The average value Avg(Data(n−1)) of the previous line data signals may be calculated based on Equation 1 below, and the average value Avg(Data(n)) of the current line data signals may be calculated based on Equation 2 below.

$\begin{matrix} avg_Line (n - 1) = \frac{1}{N} (\sum_{k = 1}^{N} Line (n - 1) P (k)) & [Equation 1] \end{matrix}$

$\begin{matrix} avg_Line (n) = \frac{1}{N} (\sum_{k = 1}^{N} Line (n) P (k)) & [Equation 2] \end{matrix}$

In Equations 1 and 2, P denotes a sub-pixel. Note that

$N = \frac{3 * Horizontal resolution}{Number of DICs}$

because it relates to the number of data drivers (DIC), RGB data signals, and horizontal resolution.

Subsequently, current precharge data signals P/C-Data(n) may be generated based on the average value Avg(Data(n)) of the current line data signals and the average value Avg(Data(n−1)) of the previous line data signals (S113).
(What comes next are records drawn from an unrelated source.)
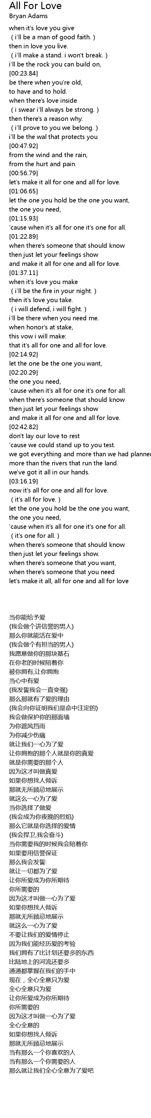 | [04:13.11] | let' s make it all, all for one and all for love |
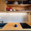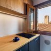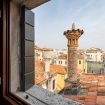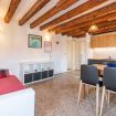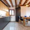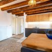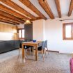 Questo moderno appartamento è composto da una luminosa e confortevole zona giorno con travi a vista, un angolo cottura attrezzato, una camera matrimoniale e un bagno finestrato con doccia. La casa è spaziosa e proprio sopra al mercato di Rialto; dalle finestre si ha una vista sul canale sottostante e si può scorgere il Canal Grande.
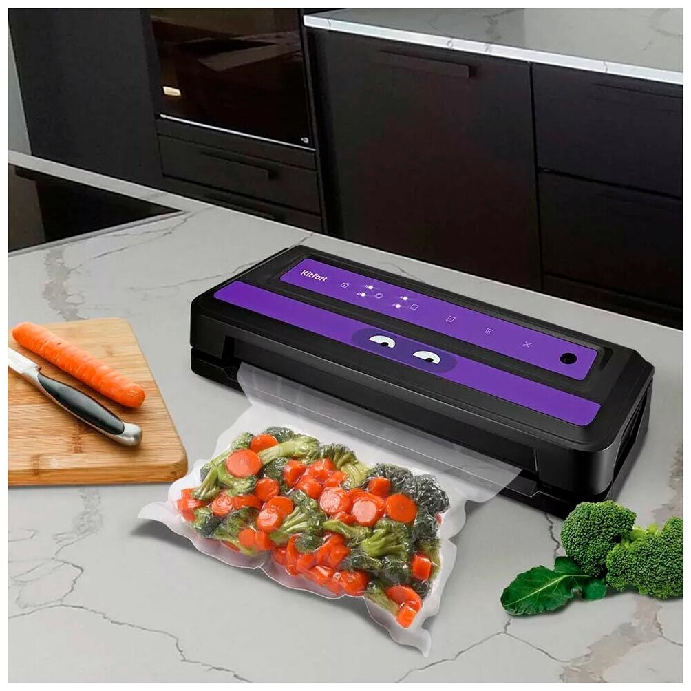 Вакууматор — устройство для вакуумной упаковки продуктов. Вакуумирование позволяет защитить от пыли, грязи, сохранить аромат и продлить сроки годности пищевых продуктов. Такой метод хранения уменьшает риск развития бактерий, которые появляются благодаря взаимодействию пищи с воздухом. Удаление воздуха из пакета гарантирует замедление процессов брожения, окисления и испарения, позволяя сохранить приятный внешний вид и качество самых разных продуктов питания.
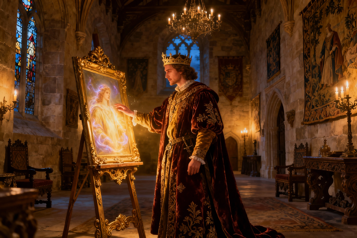 В одном далёком королевстве, скрытом среди высоких гор и зелёных долин, было обнаружено необычное чудо — волшебная картина, спрятанная в подземелье древнего замка. Картина была древней и покрыта толстым слоем пыли, но её загадочные краски переливались, хотя на самой картине не было четкого изображения только пятна сверкающих красок.
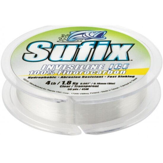 Леска зимняя SUFIX Invisiline Ice Fluorocarbon прозрачная 50м 0,18мм/2,5кг
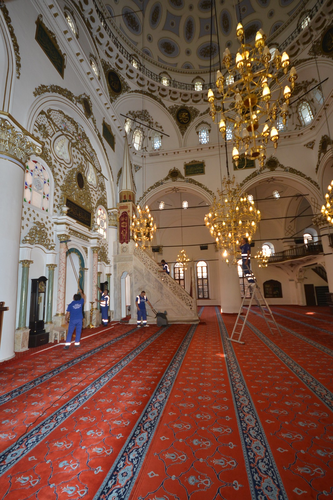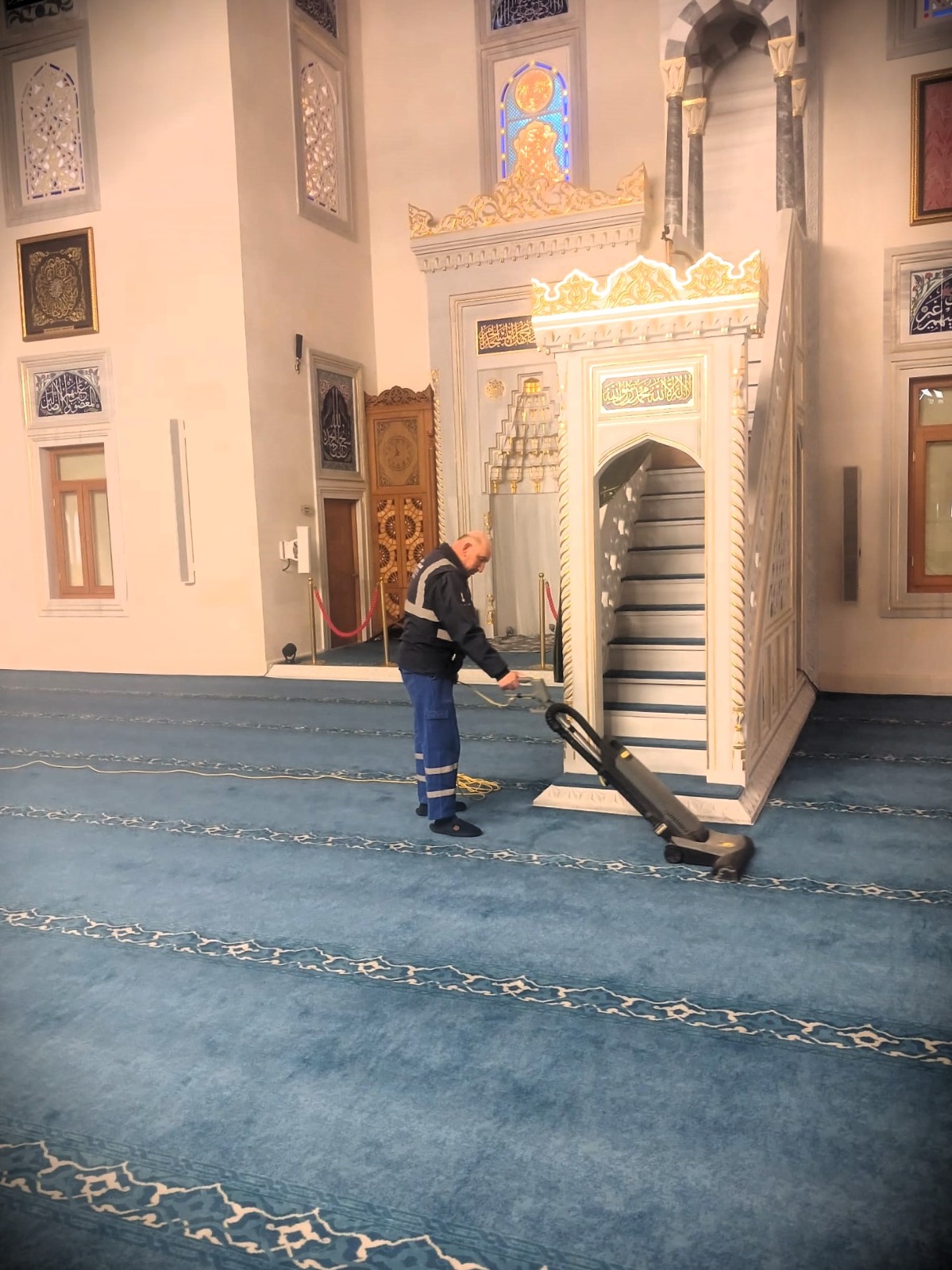 Camilerin mihrap, minber, kapı, pencere, kürsü ve duvarları titizlikle temizlendi. Avizeler özel yöntemlerle yıkandı, camilerin zeminini kaplayan halılar yıkama makineleriyle hijyenik hale getirildi.
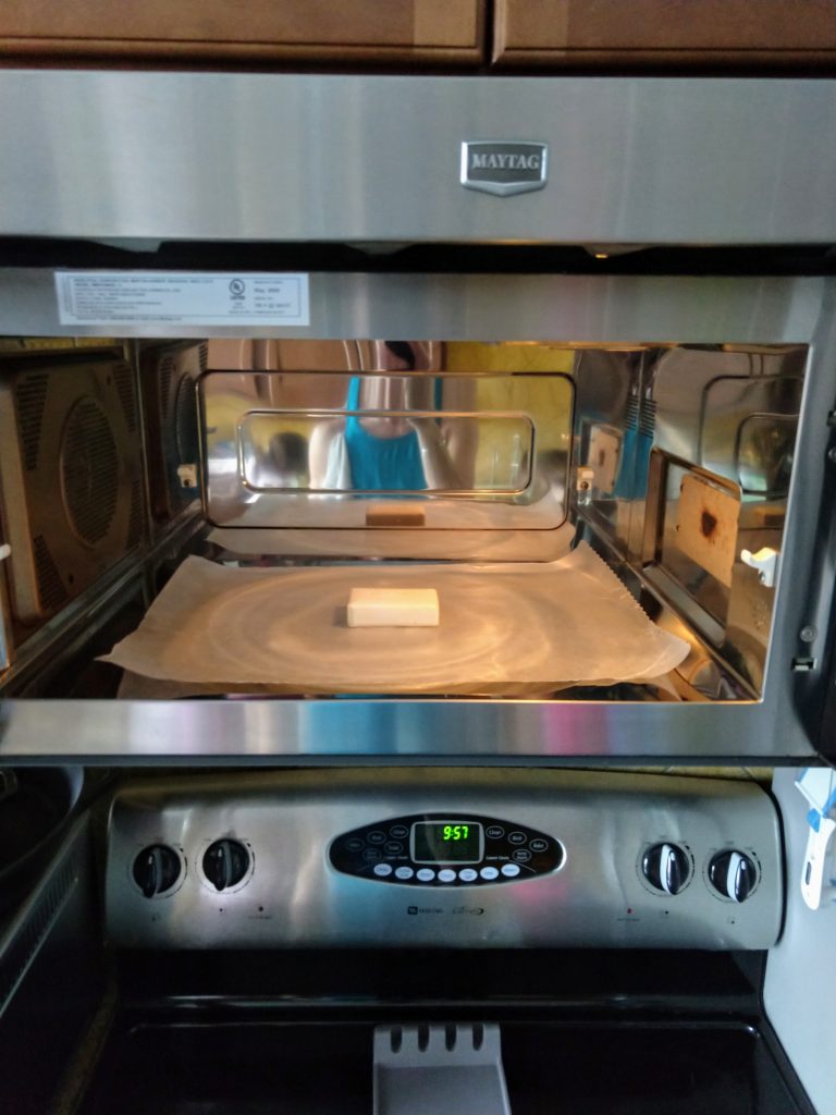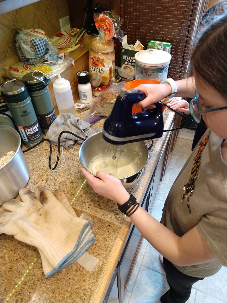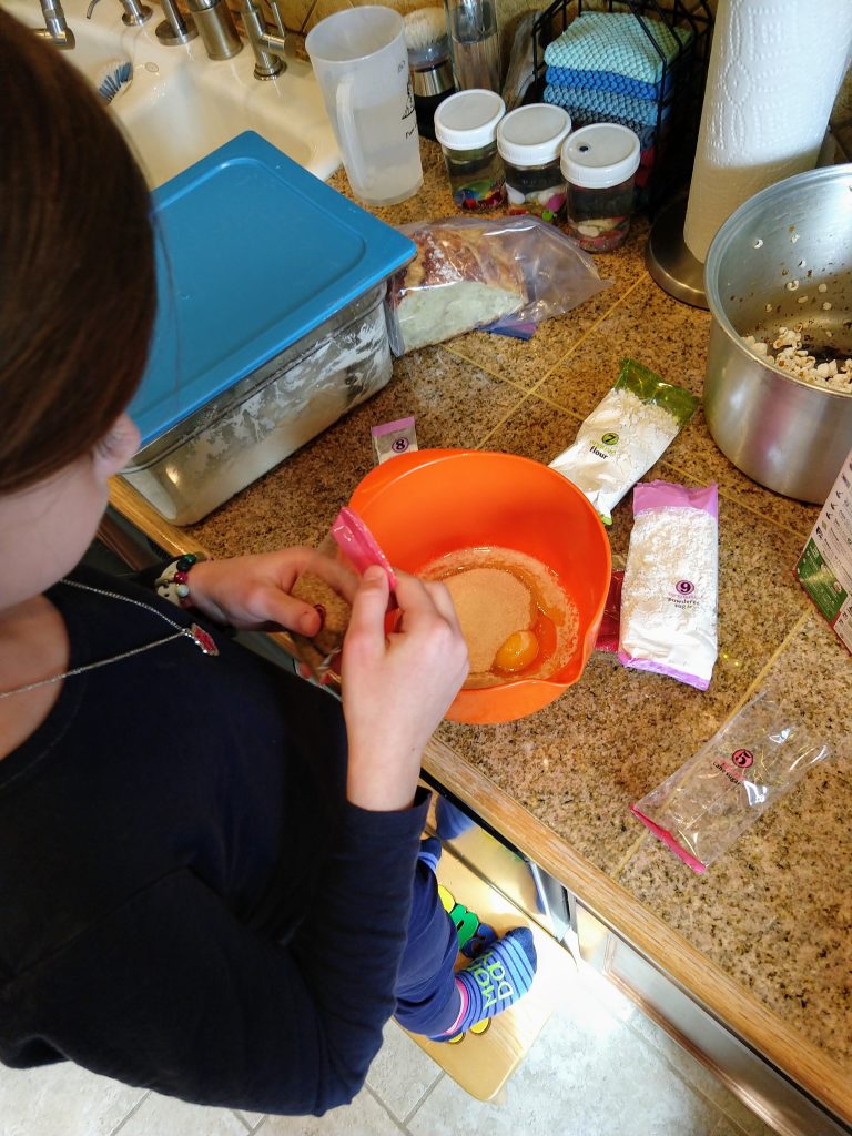 Della baked us a delicious salted caramel lava cake for dessert tonight. I was going to do it because it’s the easiest thing possible – one of those cakes in a bag where all you do is pour it into the pan – but she loves to bake, so I said have at it! It was delicious, and she was proud.

The current precharge data signals P/C-Data(n) may be generated based on Equation 3 below.

$P / C - Data (n) = \frac{1}{2} (avgLine (n - 1) + avgLine (n)) - 1$

Subsequently, difference values Subtract between previous line data signals Data(n−1) and current line data signals Data(n) may be calculated (S114), absolute values ABS of the difference values Subtract may be calculated (S115), and an average value Average of the absolute values (ABS) may be calculated (S116). A first difference value diff_Origin may be calculated through these steps S114 to S116. The first difference value diff_Origin may be calculated based on Equation 4 below.

$\begin{matrix} diff_Origin = \frac{1}{N} (\sum_{k = 1}^{N} ❘ Line (n - 1) P (k) - Line (n) P (k) ❘) & [Equation 4] \end{matrix}$

Subsequently, difference values Subtract between previous precharge data signals P/C-Data(n−1) and current line data signals Data(n) may be calculated (S117), absolute values ABS of the difference values Subtract may be calculated (S118), and an average value Average of the absolute values ABS may be calculated (S119). A second difference value diff pre may be calculated through these steps S117 to S119. The second difference value diff pre may be calculated based on Equation 5 below.

$\begin{matrix} diff_pre = \frac{1}{N} (\sum_{k = 1}^{N} ❘ P / C - Data (n) P (k) - Line (n) P (k) ❘) & [Equation 5] \end{matrix}$

Subsequently, the precharge selection signal P/C_SEL may be generated based on whether a difference between the first difference value diff_Origin and the second difference value diff_pre is greater than 0 (S120). Here, when the difference between the first difference value diff_Origin and the second difference value diff_pre is greater than 0 (Y), the precharge selection signal P/C_SEL may be generated as 1. That is, a signal for performing a precharging operation can be generated. On the other hand, when the difference between the first difference value diff_Origin and the second difference value diff_pre is less than 0 (N), the precharge selection signal P/C_SEL may be generated as 0. That is, a signal for not performing the precharging operation may be generated.

In the display device according to the first aspect of the present disclosure, the size of the precharge data signal (the magnitude of the precharge voltage) can be determined as well as whether the precharging operation is performed (precharging operation/non-precharging operation) for each image pattern. An example will be described below.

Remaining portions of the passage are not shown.